RVCL is a neurovascular syndrome caused by TREX1 C-terminal mutations. The lesions can be observed in the brain, retina, kidney, and other microvessels, resulting in abnormalities of the corresponding blood supply tissues [90]. Mutations in the C-terminal of TREX1 have also been found in simple renal thrombotic microangiopaplasia [91] or vascular retinopathy [92]. The microvascular lesion could be related to the abnormal localization of TREX1. It is normally anchored on the ER, but it is now free in the cytoplasm or appears in the nucleus, still being catalytic [93]. An autopsy of an RVCL patient showed that TREX1 protein was positive in the nucleus of vascular endothelial cells and oligodendrocytes in the lesion area, which further verified the pathogenesis discussed above [94]. Whether C-terminal abnormalities induce the unexpected entry of TREX1 into the nucleus affecting the composition and decomposition of DNA, trigger the cytosolic accumulation of free glycans producing the immune response, and impair the N-terminal enzymatic activity, the exact mechanism remains to be further studied.

Even for the same disease, patients with different gene mutations have different manifestations [95, 96]. Mutations at different gene loci of TREX1 lead to different amino acid variations, different enzymatic activities, as well as various levels of free self-DNA and cGAS in the cytosol, which may affect the initiation and regulation of signal pathways [13]. The superposition of immunogenic substances such as free glycans and self-nucleic acid may also aggravate the inflammatory response [97]. The accumulation of aberrant self-DNA caused by TREX1 deficiency may be an important etiology of related diseases, but it is not the only pathogenic factor. In-depth studies of the function and location of TREX1, the source and path of self-nucleic acid, and the proportion of different immunogenic substances in the formation of the disease are the key factors to unlock this kind of autoimmune disease. A deeper understanding of TREX1 may provide more options for prevention, treatment, and disease prognosis in the future.

TREX1 and cancer immunity

Cancer cells are transformed from cells with mutations in proto-oncogenes and tumor suppressor genes.

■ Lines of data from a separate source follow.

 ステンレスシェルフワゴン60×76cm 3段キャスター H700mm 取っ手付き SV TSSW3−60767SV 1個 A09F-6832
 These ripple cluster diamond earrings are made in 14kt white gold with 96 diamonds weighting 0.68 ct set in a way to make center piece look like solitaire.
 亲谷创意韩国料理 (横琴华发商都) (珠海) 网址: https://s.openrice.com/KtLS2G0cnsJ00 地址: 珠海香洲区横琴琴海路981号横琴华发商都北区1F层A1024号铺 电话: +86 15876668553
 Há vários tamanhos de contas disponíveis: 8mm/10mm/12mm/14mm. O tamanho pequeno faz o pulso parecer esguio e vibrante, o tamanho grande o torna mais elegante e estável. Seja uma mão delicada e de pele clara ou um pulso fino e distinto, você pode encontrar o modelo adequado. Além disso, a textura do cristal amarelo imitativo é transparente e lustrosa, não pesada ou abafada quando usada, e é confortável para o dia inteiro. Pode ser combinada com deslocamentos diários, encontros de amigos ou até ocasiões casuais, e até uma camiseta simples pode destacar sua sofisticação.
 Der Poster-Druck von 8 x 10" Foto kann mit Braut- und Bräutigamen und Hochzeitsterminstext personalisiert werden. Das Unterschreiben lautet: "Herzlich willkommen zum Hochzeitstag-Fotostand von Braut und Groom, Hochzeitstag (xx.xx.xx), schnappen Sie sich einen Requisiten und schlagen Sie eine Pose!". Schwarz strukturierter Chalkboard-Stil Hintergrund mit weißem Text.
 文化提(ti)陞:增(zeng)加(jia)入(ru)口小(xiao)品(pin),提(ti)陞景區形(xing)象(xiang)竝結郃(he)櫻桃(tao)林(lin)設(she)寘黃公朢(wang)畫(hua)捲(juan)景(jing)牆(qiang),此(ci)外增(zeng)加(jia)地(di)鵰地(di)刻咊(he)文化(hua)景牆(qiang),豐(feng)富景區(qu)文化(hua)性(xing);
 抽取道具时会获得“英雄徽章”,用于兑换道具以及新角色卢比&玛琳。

Normally, the body would recognize and eliminate such cells immediately. For example, immune cells engulf or attack aberrant cells, and enzymes repair or degrade abnormal nucleic acids. Therefore, cancer cells have evolved three powerful weapons to escape tracking. First, prevent the immune system from recognizing its abnormal DNA; second, destroy IFN-related immune mechanisms and induce the expression of proto-oncogenes; third, establish an immune suppression system to defend against the anti-cancer response [98] (Fig. 4). TREX1 degrades aberrant DNA in unstable cells, preventing them from becoming cancerous. Otherwise, the rest of tumor-derived DNA activates the cGAS-STING pathway to promote IFN-dependent anti-tumor responses. Both intrinsic and extrinsic STING were found to be involved in anti-tumor immunity [99]. Cytosolic DNA directly activates the intrinsic STING pathway in tumor cells; while these tumor-derived DNA can also trigger extrinsic STING pathways in immune cells through efferocytosis [100].

Some tumor cells overexpress TREX1 to prevent the immune system from recognizing their DNA and initiating IFN-dependent immunity. In human cervical tissue samples, TREX1 levels were lower in the normal cervical epithelium but higher in precancerous lesions, squamous cell carcinomas, and adenocarcinoma specimens. Up-regulation of TREX1 expression is thought to promote the growth of cervical cancer cells [101]. In another study of breast cancer, high TREX1 expression was associated with a lower survival rate in patients. When cancer cells expand within the space-restricted mammary ducts, they are easily squeezed and ruptured. Then TREX1 moves from the ER to the nucleus, causing chronic DNA damage. Loss of the ATM-dependent senescence-associated proliferation arrest activates the metastasis of cancer cells in situ [62]. It provides another possibility of direct DNA damage caused by high expression of TREX1 during tumorigenesis. In addition, TREX1 levels are also upregulated in hepatocellular carcinoma [102] and esophageal squamous cell carcinoma. TREX1 was found to be mainly distributed in the nucleus of esophageal cancer cells, leaving less TREX1 on the cell membrane than that in adjacent tissue cells [103]. Together, these studies highlight that elevated TREX1 expression in different cancer cells may serve to reduce immunogenicity or increase the vicious cycle of DNA damage. Therefore, inhibition of TREX1 and enhancement of the cGAS-STING pathway-mediated interferon response have become the keys to anti-tumor therapy.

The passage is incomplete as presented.